ACCRE stands for Advanced Computing Center for Research & Education. ACCRE currently manages a Beowulf cluster computer system. A Beowulf is a design for high-performance parallel computing clusters on inexpensive personal computer hardware. ACCRE cluster is composed of over 1500 processors with four generations of hardware: Intel Xeon dual processor nodes, AMD Opteron X86 dual processors nodes, IBM Power PC dual processor blades, and dual core, dual processor AMD Opteron nodes.

What can ACCRE do?

ACCRE has enormous computing power. If you have a computational-intensive job, i.e., simulation and large dataset processing, Using ACCRE will dramatically shorten your processing waiting time.

How to use the ACCRE system?

  • Request an Account.

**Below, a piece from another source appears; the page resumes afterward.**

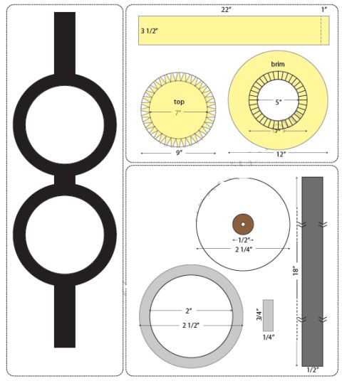 Agora, corte os excessos das lãs. E faça um traço com tinta preta na aba do chapéu.
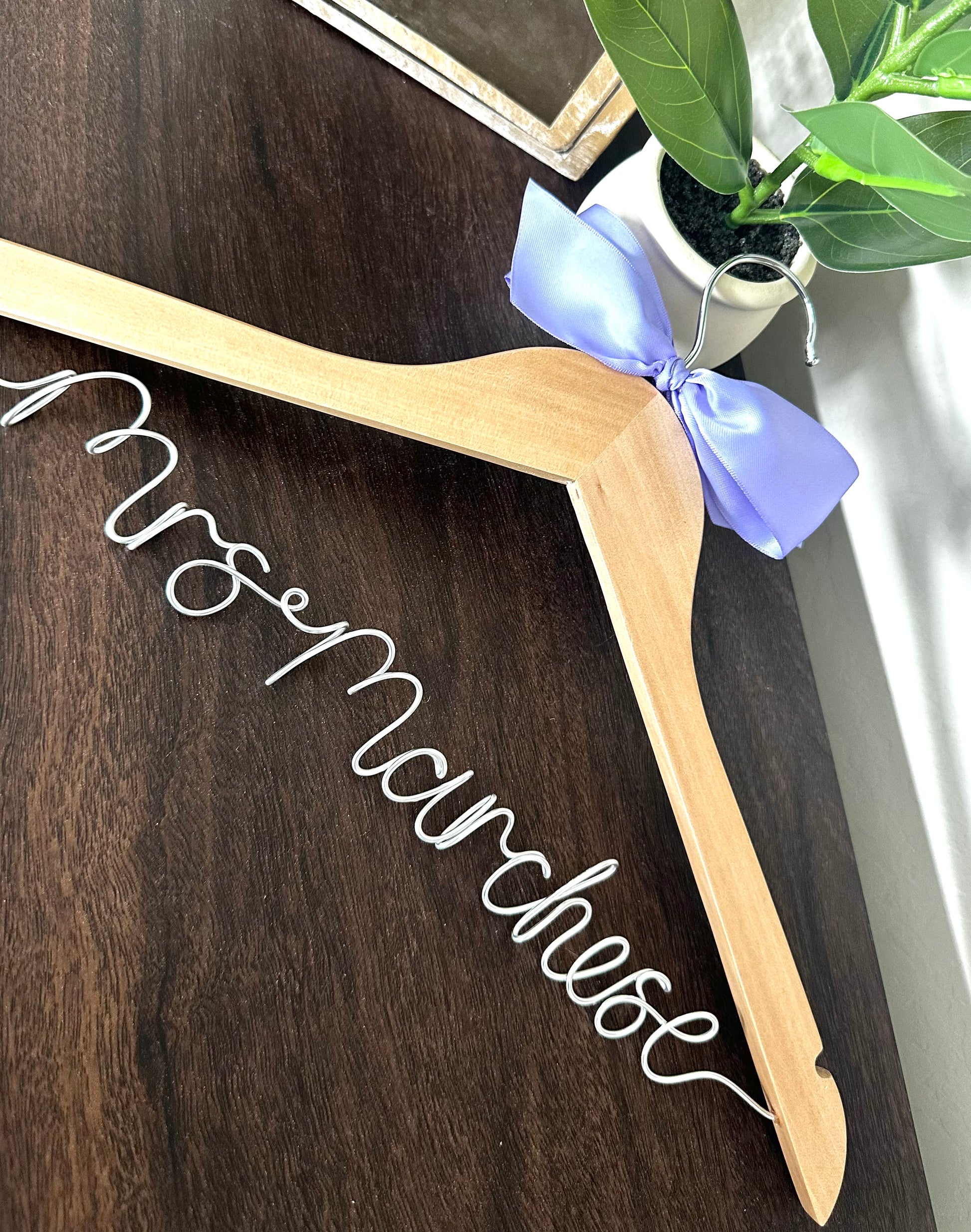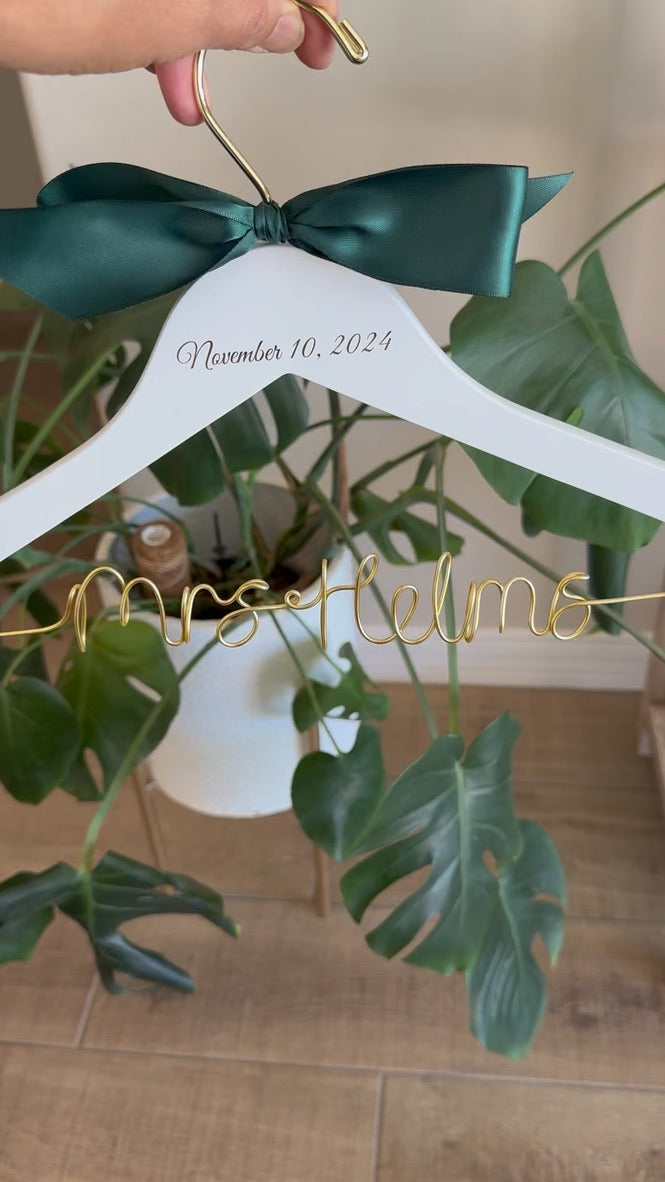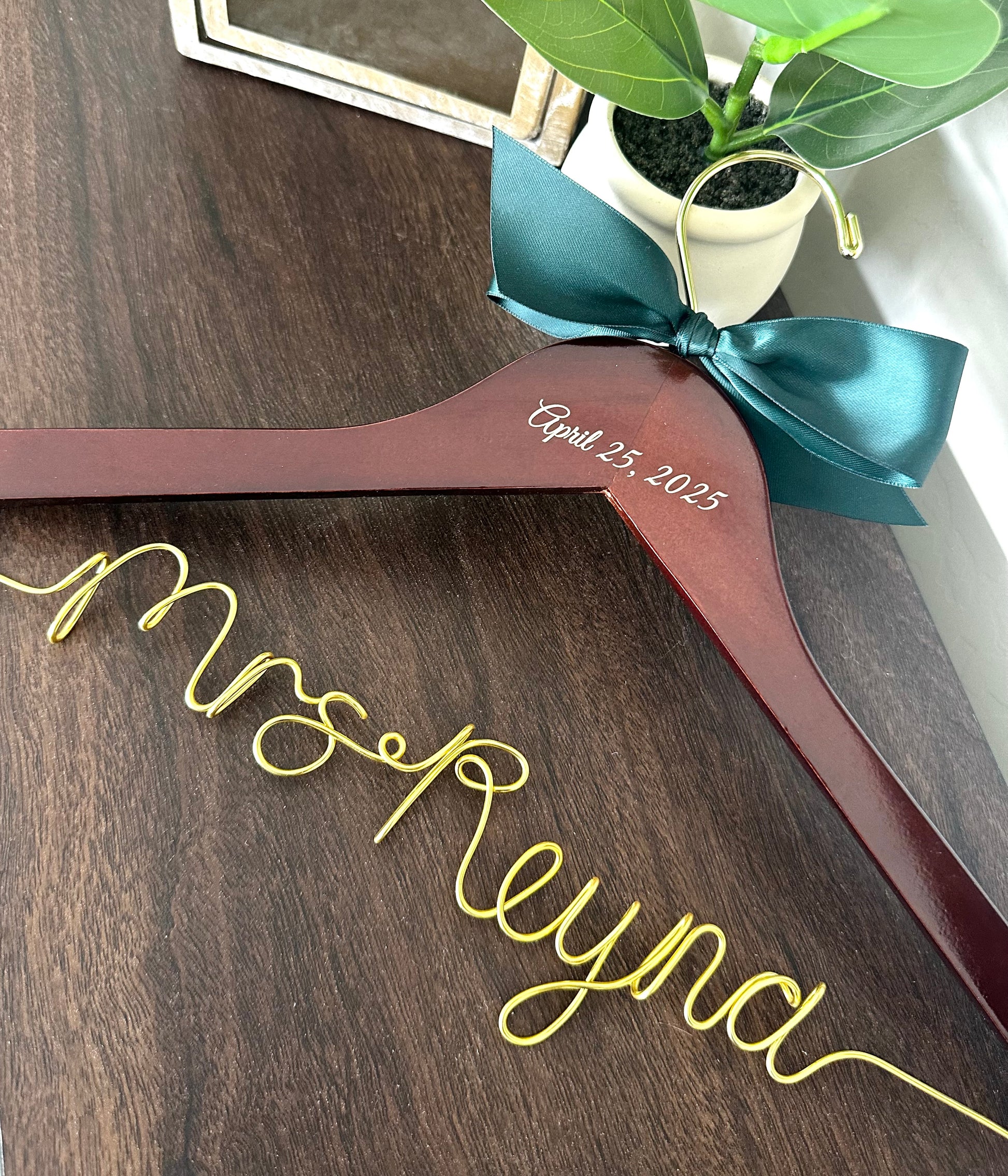 Enhance your special day with our custom wire bridal hangers! Create a unique wedding gift by personalizing it with your wedding date, new last name, and wedding colors. It's the perfect addition to make your wedding even more memorable!

On ACCRE's registration website, choose "option 1" link. Fill out the "Identification Information" form, choose "biostatistics group" as your group and enter "Frank Harrell" or "Yu Shyr" as your "account approving P.I".

  • Attend classes. All new users now are required to attend the ACCRE Cluster Computing Classes within the first two months of opening their accounts.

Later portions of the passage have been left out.